## EXERCISE AIM
Word for word, please copy the listing below, with its pictures left out.

## RAW DATA
- Opening Delimiter -
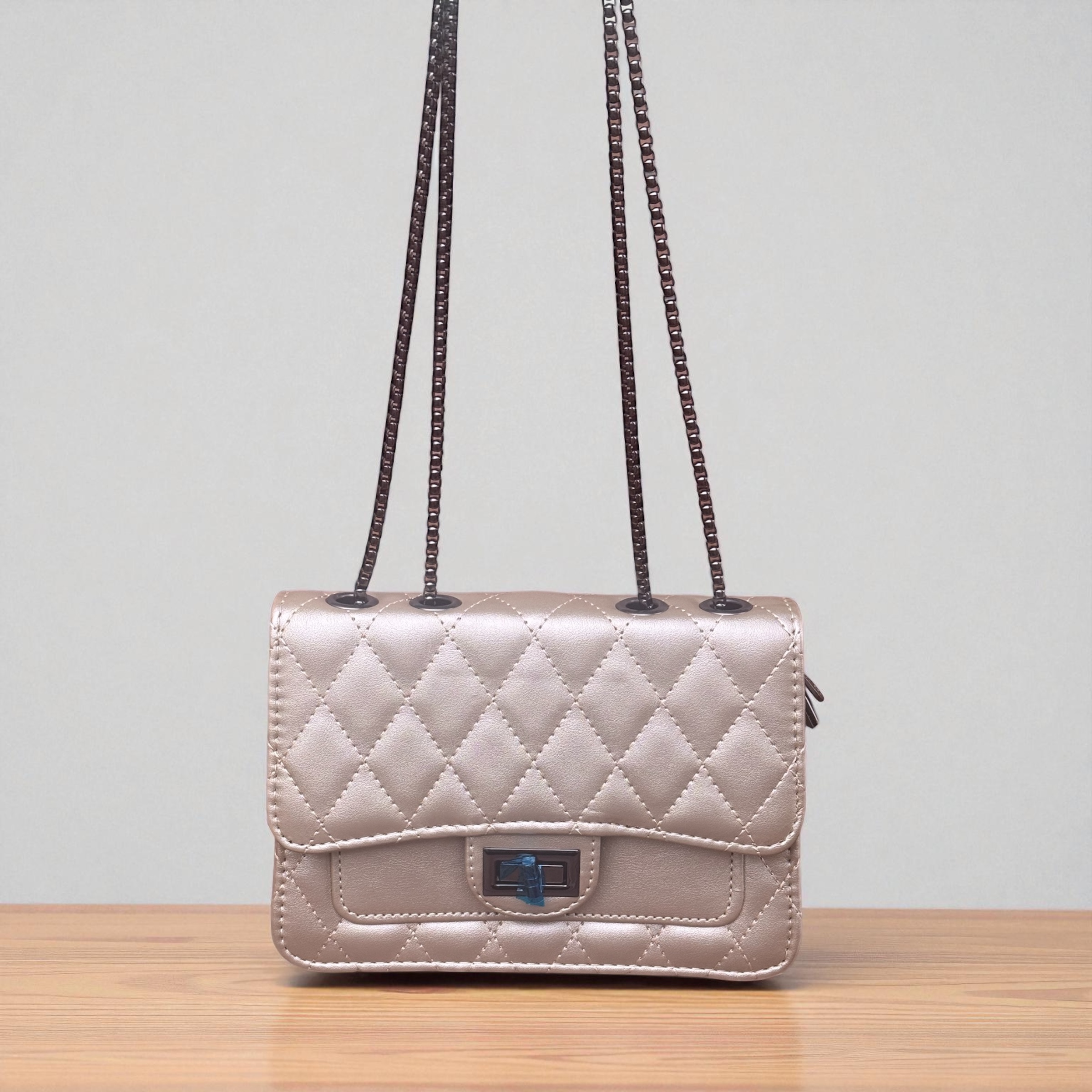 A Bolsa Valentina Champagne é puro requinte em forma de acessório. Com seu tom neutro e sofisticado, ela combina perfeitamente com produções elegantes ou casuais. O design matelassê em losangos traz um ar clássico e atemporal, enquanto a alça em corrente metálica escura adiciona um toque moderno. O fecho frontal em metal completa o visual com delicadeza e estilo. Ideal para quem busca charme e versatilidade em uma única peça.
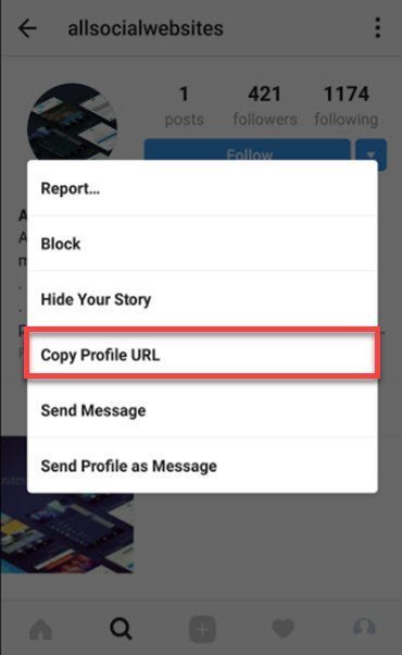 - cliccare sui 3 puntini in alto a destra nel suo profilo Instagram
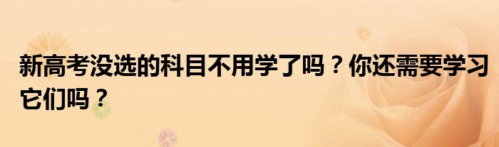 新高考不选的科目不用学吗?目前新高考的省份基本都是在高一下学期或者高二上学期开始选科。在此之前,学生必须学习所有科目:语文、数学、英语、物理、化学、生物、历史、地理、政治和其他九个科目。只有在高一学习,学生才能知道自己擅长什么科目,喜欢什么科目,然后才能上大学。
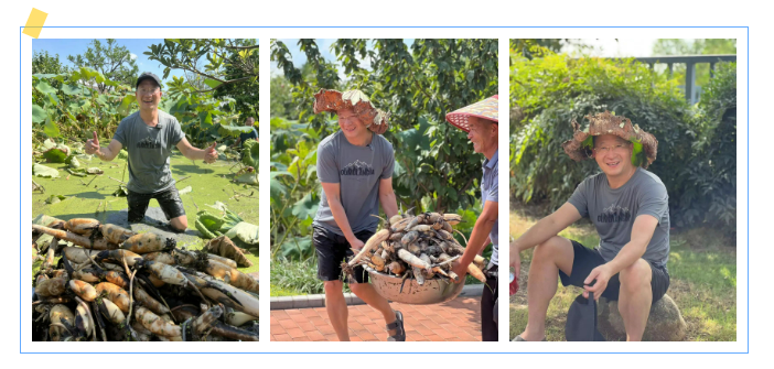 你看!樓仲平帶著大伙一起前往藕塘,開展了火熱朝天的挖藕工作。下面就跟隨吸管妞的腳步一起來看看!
- Closing Delimiter -
## EXERCISE ANSWER
 A Bolsa Valentina Champagne é puro requinte em forma de acessório. Com seu tom neutro e sofisticado, ela combina perfeitamente com produções elegantes ou casuais. O design matelassê em losangos traz um ar clássico e atemporal, enquanto a alça em corrente metálica escura adiciona um toque moderno. O fecho frontal em metal completa o visual com delicadeza e estilo. Ideal para quem busca charme e versatilidade em uma única peça.
 - cliccare sui 3 puntini in alto a destra nel suo profilo Instagram
 新高考不选的科目不用学吗?目前新高考的省份基本都是在高一下学期或者高二上学期开始选科。在此之前,学生必须学习所有科目:语文、数学、英语、物理、化学、生物、历史、地理、政治和其他九个科目。只有在高一学习,学生才能知道自己擅长什么科目,喜欢什么科目,然后才能上大学。
 你看!樓仲平帶著大伙一起前往藕塘,開展了火熱朝天的挖藕工作。下面就跟隨吸管妞的腳步一起來看看!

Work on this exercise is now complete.